Again, not all Vitamin A skincare products are created equal.It’s not enough to add a SPRINKLING of a derivative just so it can be ADDED to the ingredient list and MARKETED as an anti-aging solution!! Unless retinyl palmitate is combined with other derivatives of vitamin A or in a concentrated, pure enough form, then just adding it to the list of ingredients is inadequate if it appears so far down the list as to render it almost useless. You will find many of these type of products at places that sell skincare.

Retinaldehyde – This is an important and potent form of Vitamin A as it requires minimal conversion and causes very little if any irritation to the skin. In fact, as you can see by the diagram above, it only requires a one-step conversion and is seen by many as the closest to retinoic acid without all the irritating side effects or need for a prescription.
But again, you will need to take note of where it appears in the ingredient list. For retinaldehyde to be effective it needs to be in a concentration of 0.05% to 0.1 %. Unfortunately, retinaldehyde is an expensive ingredient so you’ll probably find most skin care formulations will be on the high-end in price (unless they’ve only included the tiniest amount) in which case it wouldn’t be as effective and could be a waste of money.

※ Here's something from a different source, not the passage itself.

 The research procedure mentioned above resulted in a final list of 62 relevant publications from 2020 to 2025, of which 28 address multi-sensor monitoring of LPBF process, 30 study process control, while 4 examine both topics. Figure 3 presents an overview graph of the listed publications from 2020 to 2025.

There is NO benefit to a cleanser with retinoids. To achieve the full benefit, and because of the protective properties retinoids provide, they need to remain on your skin, not get washed away.

Look for packaging that protects the stability of the ingredients where there is minimal exposure to air and light. Also some medical grade lines with Vitamin A actually have an expiration date to assure that it is fresh, at high potency, hasn’t oxidized, hasn’t used alot of preservatives and is actually working within your skin. Using a degraded or old Vitamin A product won’t do anything for your skin.

Getting advice.
The place to start is with your skin care professional or esthetician who can recommend the best option for you. Yes, you could skip this and head to your local store or Sephora, but, it’s doubtful you’ll find any brand with enough of what you need to do anything more than (at best) provide you with antioxidant protection.

Staying out of the sun.
As with any skin care regimen where the goal is to minimize and fight the signs of aging, once retinoids are included in your routine you really should be considering a well-formulated Sunblock! No point going to all this effort just to ruin it with more sun damage. Right?

So that’s it for now. If vitamin A is not in your skin care routine then I highly recommend commencing soon, no matter what age, in fact when it comes to skin health and the prevention of dysfunctions like lines, wrinkles and pigmentation, and aging skin -the sooner the better.